Mugavaree () is a 2000 Indian Tamil-language musical romantic drama film written and directed by V. Z. Durai and produced by S. S. Chakravarthy. The film stars Ajith Kumar and Jyothika, with Raghuvaran, Vivek, Manivannan, and K. Viswanath playing supporting roles. It was Ajith's first film of the new 2000s millennium. The music is composed by Deva, song lyrics were written by Vairamuthu, whilst the film featured award-winning cinematography by P. C. Sriram.
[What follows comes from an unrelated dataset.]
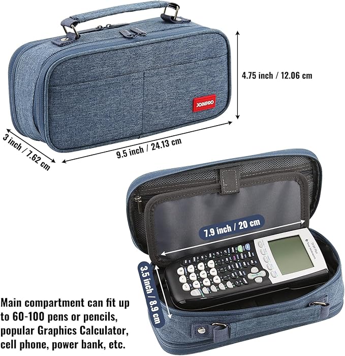 • Unique Designs - Fashionable colors and appearance, with three-dimensional and layered structure design. Two double-zipper, interior mesh pockets, and different compartments are designed for this pencil bag, it can hold pretty much everything a student needs. With rivet reinforcement handle strap design, not easy to break; and thickened handle strap for comfortable use and easy to carry.

The story revolves around the conflicting emotions of ambition, love and responsibility that Sridhar (Ajith Kumar) goes through in his quest to become a successful music composer. The film was released on 19 February 2000 and became a commercial success, winning two Tamil Nadu State Film Awards: Best Family Film and Best Choreographer (Brindha).

Plot
Sridhar is from a middle-class family headed by his father. Shiva is Sridhar's elder brother and the breadwinner for the family, consisting of his wife Shantha and sister. Sridhar, upon completion of his graduation, aspires to become a music composer and tries hard to secure a chance in movies, but all his efforts go in vain. Sridhar's search for a chance continues for eight years. Despite that, his family members support him very well and encourage him whenever he feels dejected.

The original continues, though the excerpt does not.